Algumas pessoas podem julgar-se inteligentes ou sofisticadas demais para serem influenciadas pelas artimanhas de Satanás. É um trágico erro de cálculo. Néfi preveniu-nos a respeito desse perigo, ao dizer: “Oh! Quão astuto é o plano do maligno! Oh! A vaidade, fraqueza e insensatez dos homens! Quando são instruídos, pensam que são sábios, e não ouvem os conselhos de Deus ( … )

Mas é bom ser instruído quando se ouvem os conselhos de Deus.” (2 Néfi 9:28-29; grifo nosso.)

Disse o Presidente Hinckley: “Uma das grandes tragédias que testemunhamos quase que diariamente é a dos homens de elevados objetivos e resultados fracos. Seus motivos são nobres. Sua capacidade é grande. A ambição proclamada é louvável. Mas a disciplina é tênue. Sucumbem à indolência. O apetite rouba-lhes a vontade.” (A Liahona, outubro de 1979, p. 105.)

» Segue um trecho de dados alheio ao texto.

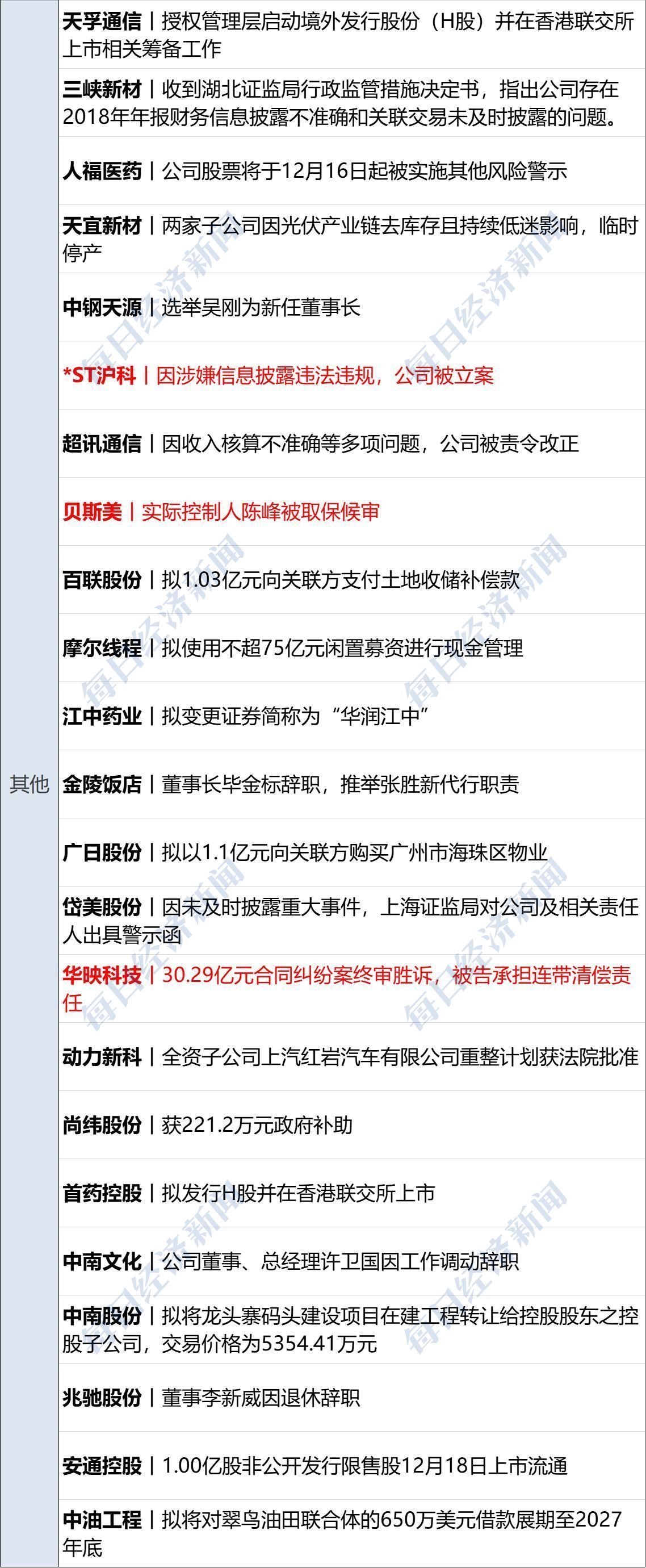 华谊兄弟(SZ300027,股价2.23元,市值61.87亿元):天眼查显示,近日,华谊兄弟传媒股份有限公司及其法定代表人王忠军(王中军)新增一则限制消费令,涉及广告合同纠纷案件,申请人为北京泰睿飞克科技有限公司,执行法院为北京市朝阳区人民法院。12月10日晚间,华谊兄弟公告称,受经济形势影响,因部分回款资金未能如约到位,造成暂时性流动资金紧张,使得公司阶段性出现个别债务未能如期偿还的情形。王中军、王中磊两兄弟所持股份累计被冻结的比例已经达到100%,被冻结股份占公司总股本的比例合计为13.81%。

Talvez, o maior obstáculo para nossa habilidade em ouvir corajosamente a palavra do Senhor esteja no ego, na vaidade e no orgulho. Parece que o orgulhoso acha difícil ouvir e aceitar as instruções de Deus. Lemos em Provérbios que a “soberba precede a ruína”. (Prov. 16:18.) Os orgulhosos ou soberbos ficam mais preocupados com o julgamento dos homens do que com o de Deus.

Talvez vos lembreis de uma história sobre o capitão de um navio que era orgulhoso. Uma noite, no mar, o capitão viu algo como a luz de outro navio que se aproximava e mandou que seu sinaleiro enviasse uma mensagem ao outro navio: “Mude seu curso 10 graus na direção sul”. A resposta foi: “Mude seu curso 10 graus norte”. O capitão do navio respondeu: “Sou capitão. Mude seu curso na direção sul”. Aí, veio a seguinte resposta: “Bem, sou marinheiro de primeira classe. Mude seu curso na direção norte”. Isto enfureceu o capitão de tal maneira, que respondeu: “Digo-lhe que mude seu curso na direção sul. Estou num navio de guerra!” Veio a resposta: “E eu digo que mude seu curso na direção norte. Estou num farol”. (Adaptado e usado com permissão, Publicações HOPE, Kalamazoo, Estado de Michigan, EUA.)

De maneira semelhante ao capitão, se não mudarmos nosso curso, livrando-nos do orgulho, podemos ter um acidente nos bancos de areia da vida, sendo incapazes de corajosamente dar ouvidos aos chamados do Senhor de “[vir] a mim”. (Mateus 11:28.) Gosto do que disse Edgar A. Guest em versos de seu poema chamado “Equipamento”:

Dois braços, duas mãos, duas pernas, dois olhos,

E um cérebro para usar com sabedoria.

Todos começam com esse equipamento,

Vá, pois, rumo ao topo e diga: “Eu consigo” …

Você é seu próprio empecilho,

É você quem escolhe seu lugar,

Você deve dizer aonde quer ir,

O quanto estudará para conhecer a verdade.

Deus o equipou para a vida, mas Ele

Deixa-o decidir o que quer ser …

A coragem vem de dentro da alma,

O homem precisa ter vontade de vencer

Decida você próprio, meu rapaz,

Você nasceu com tudo o que os grandes nasceram,

Eles começaram com o mesmo equipamento.

Assuma o controle de si mesmo e diga: “Eu consigo”.

Que possamos assumir o controle de nós mesmos, como Edgar Guest sugere de forma tão bela, e dizer: “Consigo ter a coragem de dar ouvidos aos conselhos do Senhor”. “Viva de modo que as pessoas que o conheçam, mas não conheçam a Cristo, desejem conhecer a Cristo porque o conhecem.” (Autor anônimo.)

Sou profundamente grato, neste domingo de Páscoa, pela gloriosa ressurreição e pelo sacrifício expiatório do Salvador. No santo nome de Jesus Cristo. Amém.